While the numbers, reported yesterday, offer encouraging signs for the second-biggest shopping period of the year, there are concerns that shoppers will stick to the habits of the Great Recession by focusing on necessities and waiting for sales. That could be a big problem for retailers, which are raising prices to offset rising fuel, labor, and other production costs.
“Early going, July looks like it’s shaping up to be a solid month despite all the economic headwinds,’’ said Ken Perkins, president of RetailMetrics LLC, a research firm. “But the concern is whether shoppers will buy back-to-school items at full price.’’

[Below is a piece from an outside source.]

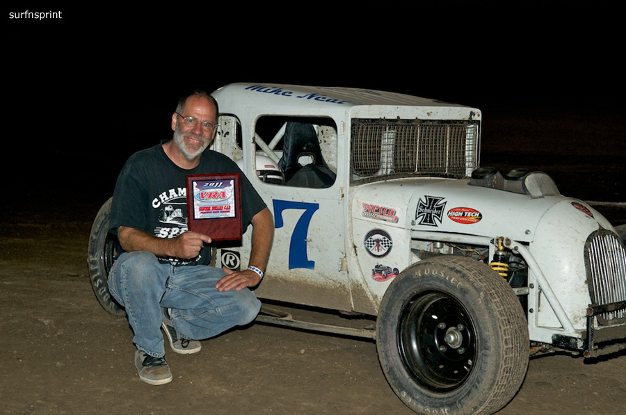 Ten seniors and thirteen pro in the VRA Dwarfs. I’m told that’s a diminished and short count, but it seems like it’s twenty-three dwarf cars to me and what’s bad about that? They actually separated the mains and ran the seniors first. Mike Neal had an exciting win with Rick Lapka second and Keith Vondersaar third. But the Pro Warf Main was magical, with an astonishing run by Lars Wolfe. Kevin Calvo had a brilliant race and led most of the laps, but Lars ran him down and made a dramatic pass on turn four of the last lap. I hadn’t seen a dwarf main in awhile and it reminded me how core these drivers are. The VRA Dwarfs are awesome and deserve the respect they seem to think they lack.

The season accounts for 16.1 percent of annual retailers’ revenue, according to the council. It’s also an opportunity for retailers to gain insight into consumers’ shopping habits heading into the biggest shopping season of the year, which starts on the day after Thanksgiving.
Retailers will get a better sense of how consumers are spending in August, when the bulk of the purchases are made. But so far, analysts and retail trade groups are sticking to their forecasts, ranging from unchanged to up 3 percent compared with a year ago. The National Retail Federation expects families to spend $603.63 on back-to-school items, from clothing to supplies, down slightly from last year’s $606.40.
The concern is that while the recession officially ended in June 2009, many shoppers, particularly in the low-to-middle income bracket, feel like it never ended. For many, wage gains have not kept pace with higher costs for food and gas. Home values remain depressed, and companies are not hiring.
Adding to that, this fall shoppers will face higher price tags as retailers try to pass on higher labor costs in China and higher prices for raw materials.
Surveys from the National Retail Federation, Deloitte LLP, and others show that customers plan to buy only what the family needs, focus on fat discounts, and reuse last year’s items.